Carrie Mae Weems's 'Something Grander Still' on view at the University of Texas

“There’s something grand in the knowing and the creating of ourselves, and something grander still about how we know and create our personal histories,” Carrie Mae Weems observed in a 1984 artist statement for ‘Family Pictures and Stories’ (1978–84). Weems has returned periodically to this multigenerational, multimedia family album of photographs, text, and audio over the next forty years, and continues exploring its concerns with the relationships among the self, identity, and history.
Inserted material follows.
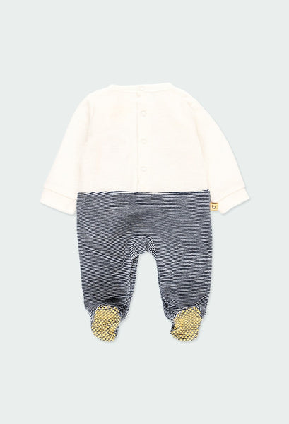 Pelele de bebé niño de terciopelo, se abrocha por la espalda con cierres a presión. La parte de arriba es de color blanco químico y lleva como decoración una cara de gato bordada con orejas y gorro aplicados y detalles estampados y unas patitas aplicadas con detalles bordados y al levantar una lleva una palabra bordada. La parte de abajo es listada en color blanco químico e índigo, la decoración es una etiqueta con detalle de la marca.
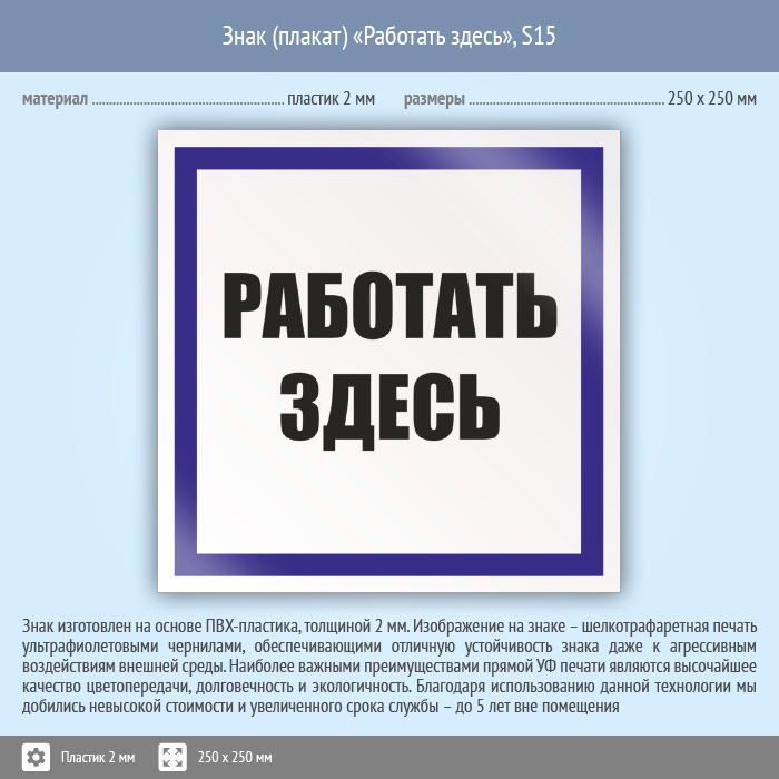 Знак (плакат) «Работать здесь», S15 (пластик, 250х250 мм) в Кашире купить

Featured in AGBS’ Christian-Green Gallery, ‘Carrie Mae Weems: Something Grander Still’ tracks the creation of ‘Family Pictures and Stories’, focusing on Weems’s ongoing re-use of her family pictures and stories from the early 1980s to today. A study room in AGBS’ Idea Lab unfolds Weems’s participation in dialogues about the politics of photography in the 1980s and early 1990s. The study room collects art and publications made by artists and activists who embraced photography and video as means to bring visibility to marginalized experiences and resist forms of othering prevalent in mainstream media.
Following the journeys of Weems and her family pictures through art schools and museums as well as worlds of Black photography, the global social documentary movement, and feminist thought, Something Grander Still sheds new light on the development of one of the most significant artistic practices of the twenty-first century.